* Data block
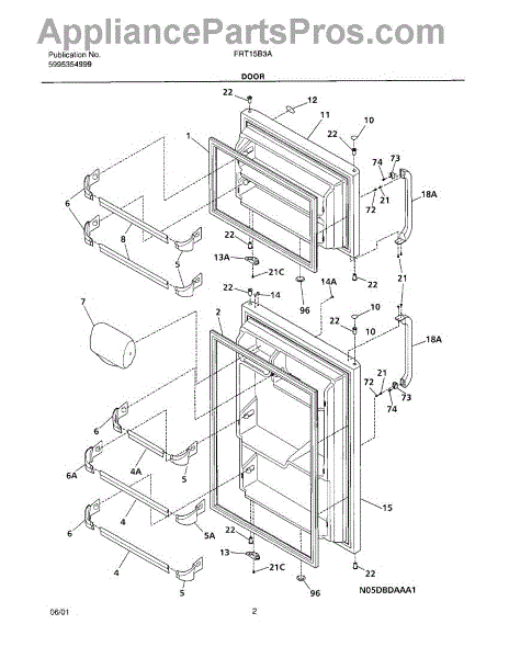 This door stop limits the opening angle of the refrigerator/freezer door to prevent overextension that can stress hinges or strike nearby cabinets. Replacing a worn or missing stop restores controlled door travel and helps prevent impact damage.
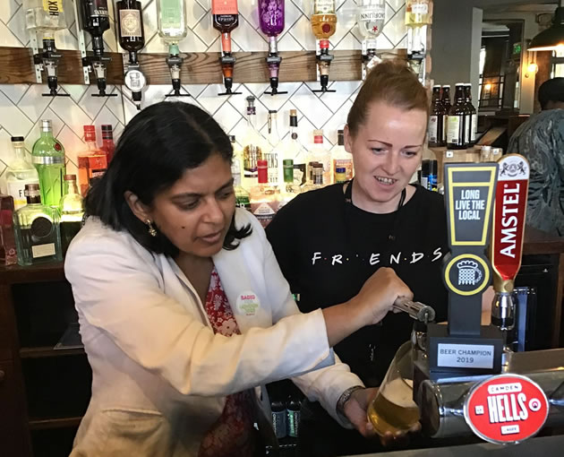 Pulling a pint with her ‘Beer Champion’ tap handle trophy at The Grove pub in Ealing (with staff member Victoria Leigh)
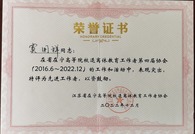 2022年年底,江苏省在宁高校退离休教育工作者协会曾作出决定,对2016年以来,在为发展、促进和支持在宁高校退教协工作和活动中,做出突出成绩和贡献的先进集体和先进个人予以表彰。
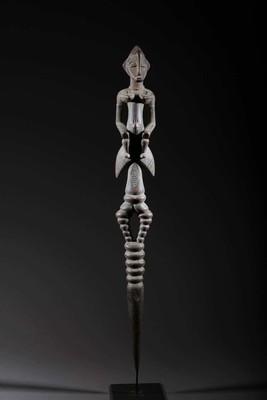 Réf: sf-1466 Hauteur 58 CM Description du produit Sceptre de chef Sénoufo de Côte d'Ivoire. Pièce de plus de 50 ans. Pièce sur socle. art africain, masques d'Afrique art africain african tribal arte africana afrikanische kunst Pièce livrée avec une facture et un certificat d'authenticité.

* What the task requires
With the pictures omitted, print each line of the data above precisely as given.

* Answer to this problem
 This door stop limits the opening angle of the refrigerator/freezer door to prevent overextension that can stress hinges or strike nearby cabinets. Replacing a worn or missing stop restores controlled door travel and helps prevent impact damage.
 Pulling a pint with her ‘Beer Champion’ tap handle trophy at The Grove pub in Ealing (with staff member Victoria Leigh)
 2022年年底,江苏省在宁高校退离休教育工作者协会曾作出决定,对2016年以来,在为发展、促进和支持在宁高校退教协工作和活动中,做出突出成绩和贡献的先进集体和先进个人予以表彰。
 Réf: sf-1466 Hauteur 58 CM Description du produit Sceptre de chef Sénoufo de Côte d'Ivoire. Pièce de plus de 50 ans. Pièce sur socle. art africain, masques d'Afrique art africain african tribal arte africana afrikanische kunst Pièce livrée avec une facture et un certificat d'authenticité.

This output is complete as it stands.